By Patrick Downes
Hawaii Catholic Herald
Borrowing from the brief Gospel passage from Mark in which people around Jesus, alarmed by his actions, were saying, “He is out of his mind,” Bishop Larry Silva said that St. Marianne of Molokai must also have been considered a little crazy.
This observation was the key point of his homily at the noon Mass for the “Beloved Mother of Outcasts” on her birthday feast day Jan. 23 at the Cathedral Basilica of Our Lady of Peace.
“Sometimes when we do something the Lord wants us to do, we risk being called out of our mind,” he said.

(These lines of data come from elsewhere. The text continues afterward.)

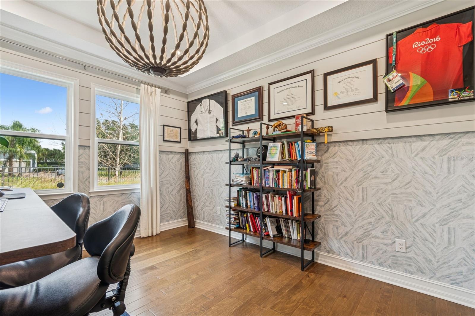 Welcome to the highly desirable community of Cordoba Estates, just 20 minutes to downtown Tampa! This is a beautiful, sprawling, luxurious single story Model home. This home features 4 BR/3 BA plus an office and a flex room. Enjoy all the benefits of the Model home in Cordoba Estates, including upgraded hardwood flooring, custom woodwork detail in all the bedrooms, 12 foot detailed, tray ceilings with gorgeous exposed wood-beams, an oversized kitchen island, double ovens, upgraded countertops and appliances, extended countertop space and exposed beams throughout and MORE. The luxury continues as you enter the pool and spa with both a heater and a chiller for a cold plunge! There is also a built-in firepit where you can enjoy after exiting the hot tub during the winter. Enjoy a huge, fenced in almost 1-acre yard (unheard of in of Tampa Bay!) with a beautiful majestic, one of a kind, Live Oak Tree. This home is Hurricane ready, a generator plug and surge protector in place, Hurricane Impact doors and windows along the North side of the house (shutters included for the back). Soft start already on AC allowing the entire house to be powered with a standard generator. Additional detail was made by including a direct ethernet into the office, a recently installed Tesla charger, alarm system and fiber optic cable with battery backup! Gorgeous Tile Roof (50 year lifespan), and the entire home is on a water softener, with Reverse Osmosis drinking water in the kitchen. Cordoba Estates is known for its resort-style amenities including a beach entry pool, playground, dog park, Tennis courts, basketball courts and incredible family-friendly, social and community events with a community full of fantastic and successful professionals! Easy access to downtown Tampa (20 minutes), top-rated schools, shopping, dining, and major highways—making this home the perfect blend of comfort, style and location.
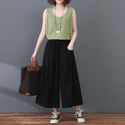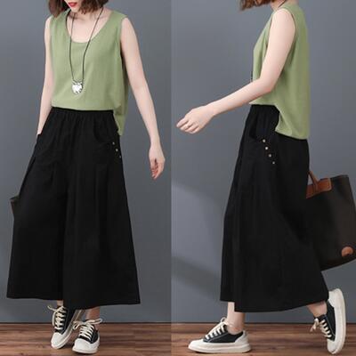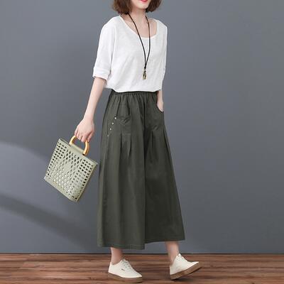 全3色 おしゃれ 可愛い フェミニン 下半身カバーワイドパンツ レディース カジュアル パンツ フレア ボトムス ワイドレッグ ガウチョ ウエストゴム リラックス ゆったり 体型カバー シンプル 大きいサイズ XL 2XL カーキ グリーン ブラック 黒 春 夏 秋 20代 30代 40代 50代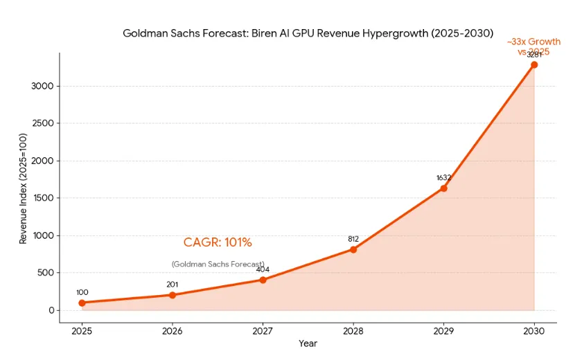 任何一家伟大的公司,都离不开时代的红利。对于壁仞来说,这个红利就是中国云端资本支出(Cloud Capex)的疯狂增长。高盛在报告中指出,驱动壁仞增长的第一大引擎,正是中国云厂商为了适配2024年底涌现的国产大模型,正在疯狂通过基础设施建设来“补课” 。市场份额的掠夺者:凭借极具竞争力的性价比(Price-to-performance ratio)和日益成熟的本地AI生态,壁仞正在自家主场——中国市场,大口吞噬份额全栈护城河:壁仞卖的不仅仅是芯片,而是“芯片+软件”的全栈解决方案(GPGPU硬件 + BIRENSUPA软件平台) 。这对客户来说意味着什么?意味着买了就能用,部署门槛大幅降低高盛预测,得益于这些宏观利好,2025年至2030年,壁仞的AI训练/推理GPU业务收入将实现惊人的101%年复合增长率(CAGR)【图表1:高盛对壁仞的收入预测】02|核武器BR166:从3万到90万的裂变

“There is a certain craziness in following Jesus Christ and thank God that there is,” because if Mother Marianne had weighed all the contingencies and did the sensible thing, she would never have done what she did, he said.
“In the end, she said, ‘We are going to do this. It may seem like an insane mission, but Christ is present in everyone, even the outcast,’” the bishop said.
“We pray that we will follow in her footsteps and more toward sainthood ourselves,” he said. “In the end we trust that it is God who will accomplish the work.”
About 50 people attended the Mass. Roughly a third were members of St. Marianne’s congregation, the Sisters of St. Francis of the Neumann Communities.
That was about all pandemic social distancing would allow on the main floor of the downtown church.
The Sisters of St. Francis used the occasion to present to the bishop the saint’s Knights Grand Cross, a Hawaiian honorary medal she received posthumously a year ago from the Order of Kamehameha I.
The medal — a white enamel Maltese cross set on a gold sunburst with an ornate “K” in the center, mounted in a rectangular wooden box with a hinged cover — will be permanently displayed inside the saint’s reliquary in the cathedral basilica.
At least two other noteworthy Catholics received the Knights Grand Cross: Bishop Louis Maigret, the second bishop of the Hawaii mission, in 1881, and St. Damien posthumously in 2019.
A representative of the Order of Kamehameha first presented St. Marianne’s medal to the superior of the Sisters of St. Francis, Sister Barbara Jean Donovan, and Sister of St. Francis Alicia Damien Lau in Honolulu on Jan. 18, 2020.
“On behalf of the legacy of Kamehameha V and the Order of Kamehameha I, it is an honor and pleasure to award the Knights Grand Cross to St. Marianne Cope, the beloved mother of outcasts, who cared for Hawaii’s leprosy patients for 35 years, the final 30 years in Kalaupapa, Molokai,” the order said in a statement at the time.
St. Marianne came to Hawaii in 1883. She died in Kalaupapa in 1918 and was canonized by Pope Benedict XVI in 2012.
At the end of Mass, the bishop, wearing a chasuble with images of St. Damien and St. Marianne down the front and back, blessed the people with a relic of the saint, a glass-encased bone fragment imbedded in a wooden Franciscan Tau cross.